To some, Culture Club will always be the moment 80s pop went wrong: the moment when the New Pop cut its umbilical cord to Punk, and we entered a phase of Byzantine decadence in which it was, to quote the title of Dave Rimmer’s book, Like Punk Never Happened. But any CC kid who read Smash Hits, the mag for whom Rimmer wrote, knew different. We knew George was the former Bowie kid with the orange hair and green jelly sandals (or was it the other way around?), and he’d fought the Punk Wars so that we didn’t have to.

Culture Club were the gentlest of educations, George’s unthreateningly asexual persona beckoning the devotee along an escape route out of the strictures of smalltown repression, his cryptic lyrics seeming to contain truths to be unlocked at a later date, always with the underlying sense that when you did unlock them, everything would be just fine.

But they were also one of the best musical schoolings you could hope for. For starters, they provided one of my earliest initiations into 60s soul: ‘Church Of The Poison Mind’, which opens this warm-up show (the first of their current comeback), was probably the first time a Motown/Faux-town beat ever reached me, Jon Moss channelling Richard ‘Pistol’ Allen.

It’s followed by ‘Move Away’, the final proper Culture Club hit before it all went tits-up first time round. And, to prove they’re a working band and not just a mercenary marriage of convenience uneasily held together my mutual financial interest, they take us straight into several selections from new album Tribes.

First up is ‘Different Man’, written about Sly Stone ("living in a car by the side of the road, like a crackpipe Jesus…") and very much in the four-to-the-floor jubilant style of ‘Dance To The Music’ or ‘Everyday People’. The wah-wah funk of ‘Like I Used To’ is in a similar vein, while ‘Human Zoo’ and ‘Let Somebody Love You’, the latter dedicated to John Holt, tap into the band’s reggae side, ‘Oil And Water’ revisits their soft soul side, and ‘Truth Is A Runaway Train’ jumps the points and goes rogue by taking us into Johnny Cash country.
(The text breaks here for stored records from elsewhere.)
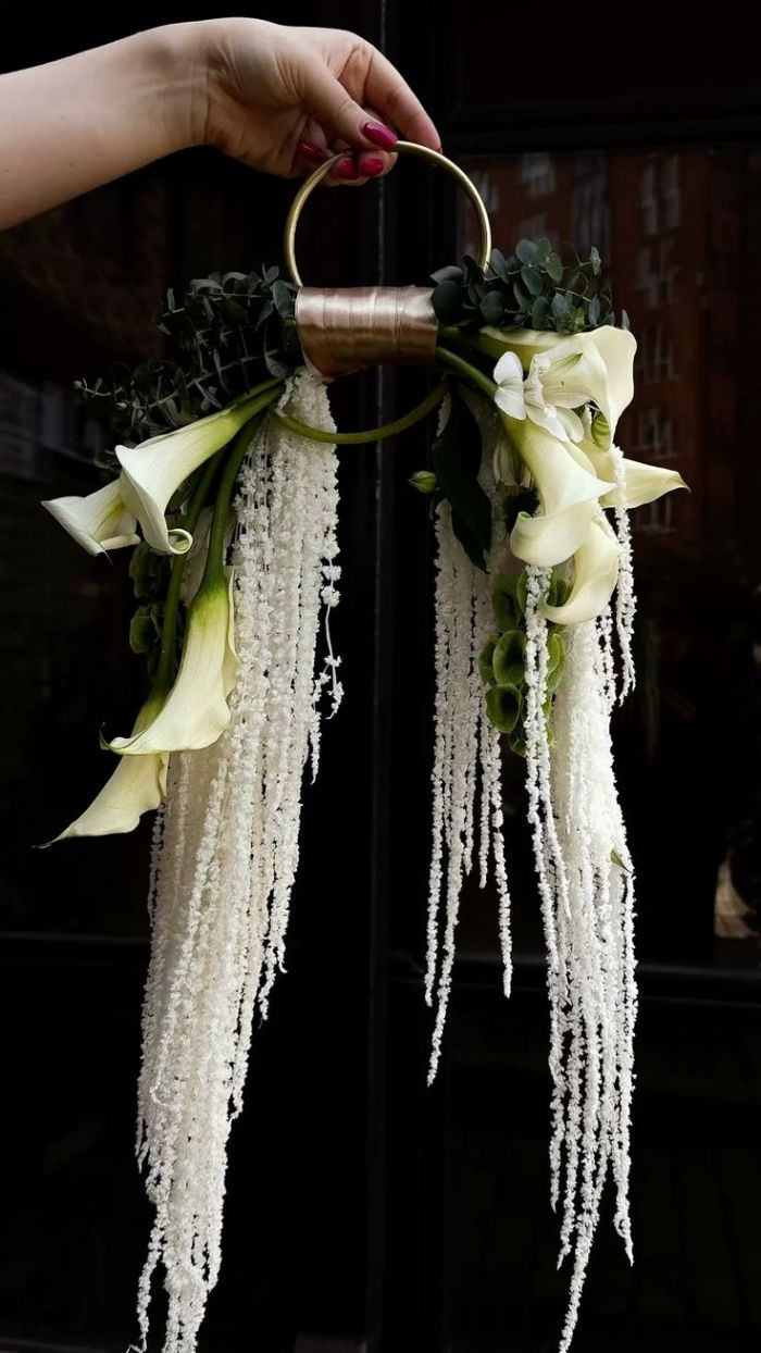 Για πιο μινιμαλιστική διάθεση, οι συνθέσεις με handles είναι μια υπέροχη πρόταση: κάλλες ή τριαντάφυλλα δεμένα σε λαβή, με κορδέλες και διακριτικά κοσμήματα, ταιριάζουν ιδανικά σε νύφες που αγαπούν το λιτό αλλά εντυπωσιακό. Και φυσικά, για όσες θέλουν κάτι πραγματικά «out of the box», υπάρχουν οι avant-garde δημιουργίες, γλυπτικές συνθέσεις με κορδέλες, πέρλες και μεταλλικές λεπτομέρειες που θυμίζουν μικρά έργα τέχνης.
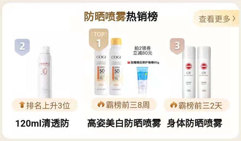 根據(jù)天貓榜單3月9日實(shí)時(shí)數(shù)據(jù)顯示,高姿美白防曬噴霧連續(xù)8周蟬聯(lián)防曬噴霧熱銷榜前三位置。
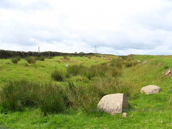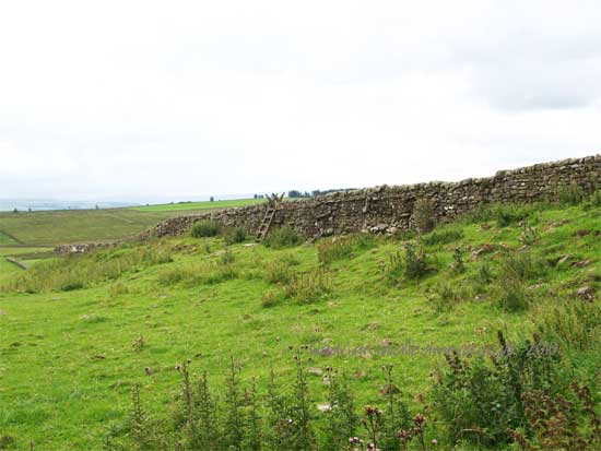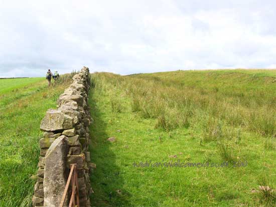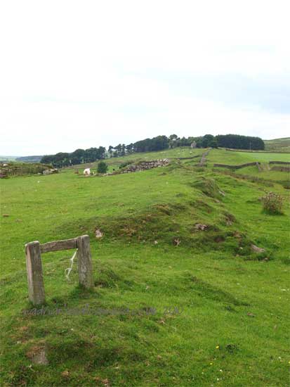 <<<<<<The Vallum comes very close to the wall here. It has been following the valley to the south of the Wall. It can be seen quite clearly in the grass.

Of all the new tracks, however, ‘More Than Silence’, with its juggernaut John Hughes movie production and massive radio-ready chorus, sounds the most like a hit single. If bands as old as Culture Club were allowed to have hit singles any more, that is.

Of the back catalogue, it isn’t always the most obvious mega-hits that land the biggest blow. For example, it’s somehow telling that it’s during ‘Miss Me Blind’, and not that corny old albatross ‘Karma Chameleon’, that someone faints and I have to help her to her feet.

The often-derided ‘War Song’ (which provided low-hanging fruit for Kenny Everett’s cruel parody) makes a surprise appearance, in a ‘reconstructed’ form (slow, ballad-like verses and uptempo calypso chorus, with a snatch of Frankie’s ‘Two Tribes’ thrown in).

The ones that really give me shivers are Colour By Numbers gospel-pop showpiece ‘Black Money’, on which it takes three women to do original co-vocalist Helen Terry’s still-astonishing job, and the untouchable ‘Do You Really Want To Hurt Me’, on which George’s voice, huskier now and inclined to dodge the higher notes, but still impossibly gorgeous, breaks our hearts all over again.

But I could write a whole alternate setlist of unplayed songs that would slay me in just the same way: ‘That’s The Way (I’m Only Trying To Help You)’, ‘Mistake No.3’, ‘Victims’, ‘White Boy’, ‘The Medal Song’, ‘Time (Clock Of The Heart)’… proof of a richer back catalogue than they are normally credited with having. Culture Club always ran deeper than surface froth.

As they encore with ‘It’s A Miracle’, I glance around again, and my inner fifteen-year-old from Thatcher’s second term takes another zoom-forward look through that time telescope to the present. I wonder what I’d have made of it all. George may not have been the most saintly of guardian angels – half the time, he didn’t do the greatest job of looking after himself, never mind anyone else – but we all turned out OK. Didn’t we?